But how does the filmmaking team behind “Succession” avoid fetishizing the extreme wealth they’re satirizing? Just the act of peeling back the curtain on the extreme luxury we never get to see has a natural voyeuristic pleasure for the viewer.

In the video essay above, production designer Stephen Carter, executive producer and director Mark Mylod, cinematographer Patrick Capone, and series creator Jesse Armstrong analyze how a subtle use of filmmaking craft directs the viewer to focus on the discomfort the Roy family feels inside its gilded cages.

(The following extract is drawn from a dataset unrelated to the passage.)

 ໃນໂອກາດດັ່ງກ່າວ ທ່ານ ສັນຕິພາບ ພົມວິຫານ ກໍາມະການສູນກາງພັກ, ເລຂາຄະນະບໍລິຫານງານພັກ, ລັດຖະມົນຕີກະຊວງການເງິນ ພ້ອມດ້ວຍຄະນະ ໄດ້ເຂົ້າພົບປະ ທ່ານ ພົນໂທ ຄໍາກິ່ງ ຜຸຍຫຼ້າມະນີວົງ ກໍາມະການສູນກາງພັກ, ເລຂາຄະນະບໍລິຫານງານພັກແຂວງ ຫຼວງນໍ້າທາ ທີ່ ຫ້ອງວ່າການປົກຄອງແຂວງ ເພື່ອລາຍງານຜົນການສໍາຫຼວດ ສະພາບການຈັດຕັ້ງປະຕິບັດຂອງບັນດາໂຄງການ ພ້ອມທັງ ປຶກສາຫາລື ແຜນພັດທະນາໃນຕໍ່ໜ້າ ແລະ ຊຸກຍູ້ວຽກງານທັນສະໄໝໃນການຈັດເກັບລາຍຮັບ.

“We want to make sure that the audience, rather than being sort of seduced by the wealth porn side of things, really feels the neglect or the unimportance to them of all this expensive paraphernalia,” Carter said.

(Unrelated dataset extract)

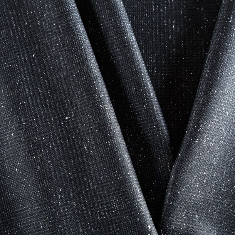 Итальянская костюмная шерсть средней плотности с добавлением шелка черного цвета в клетку гленчек и мелкими белыми вкраплениями. Ткань очень мягкая, пластичная, поверхность гладкая и шелковистая на ощупь. Подойдет для пошива костюма, брюк, юбки, шорт, жакета, платья, сарафана, жилета.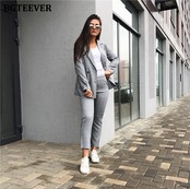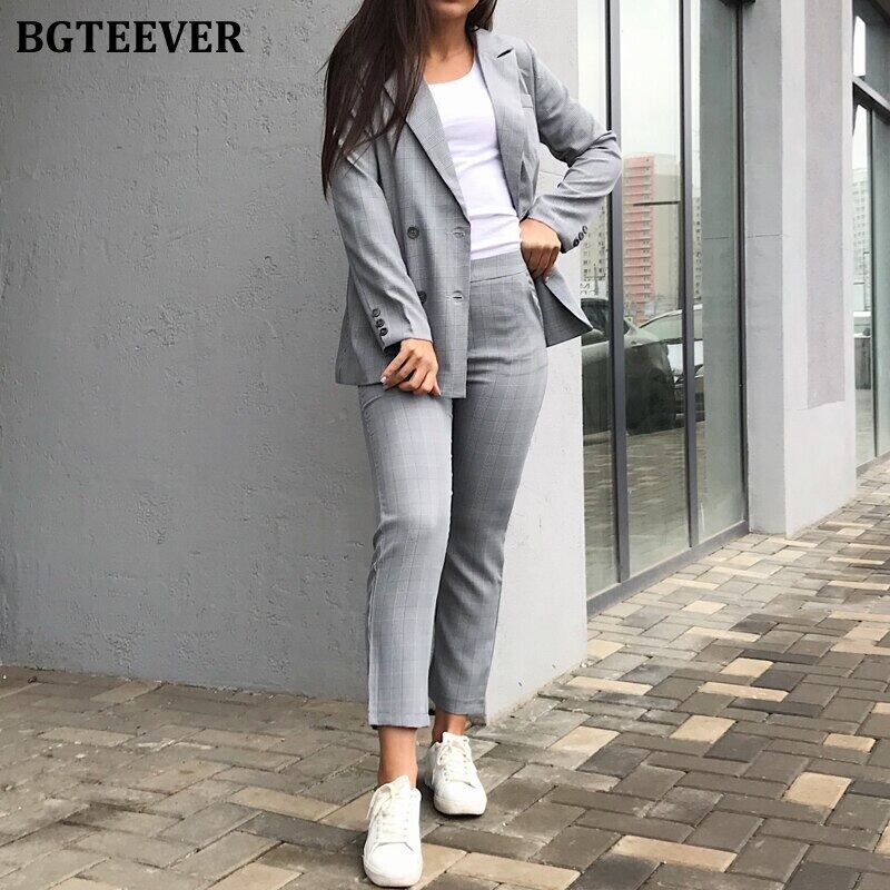 【新作】【送料無料】 BGTEEVERヴィンテージストライプチェック柄2ピースレディースパンツスーツ長袖シングルブレストスーツジャケット&ウエストペンシルパンツ2020 ロング ビンテージ 12b1823716944

Deep Dive - Succession Ep03

Not a Killer: Getting Into Kendall’s Head

There’s a darkness that hangs over Kendall Roy (Jeremy Strong) in Season 2 of “Succession.” Ever since the car crashed into the lake at the end of Season 1 — resulting in the death of the waiter and the subsequent cover-up of that death by Logan — Kendall has been mentally and spiritually tortured. In the video essay above, we go inside how Mylod and composer Nicholas Britell bring the viewer inside that torment by connecting it to the moment that caused it.

“Whenever we put the character in water, we make him vulnerable,” Mylod said. “We metaphorically crucify him, in the water.”

Composer Nicholas Britell describes the music he wrote for the Season 1 finale’s car crash as Kendall’s “true moment of darkness.” And it’s that music, “Kendall’s Return,” that the composer and editor Bill Henry bring back at key moments of Season 2 where that darkness, and the memory of the young man’s death, weighs particularly heavy on Kendall.

In fact, it’s that music that accompanies Kendall as he enters Logan’s state room for the famous “You have to be a killer” scene during the Season 2 finale. In the second part of this essay, we go behind the shooting of that scene with Mylod, Strong, Henry, and cinematographer Patrick Capone.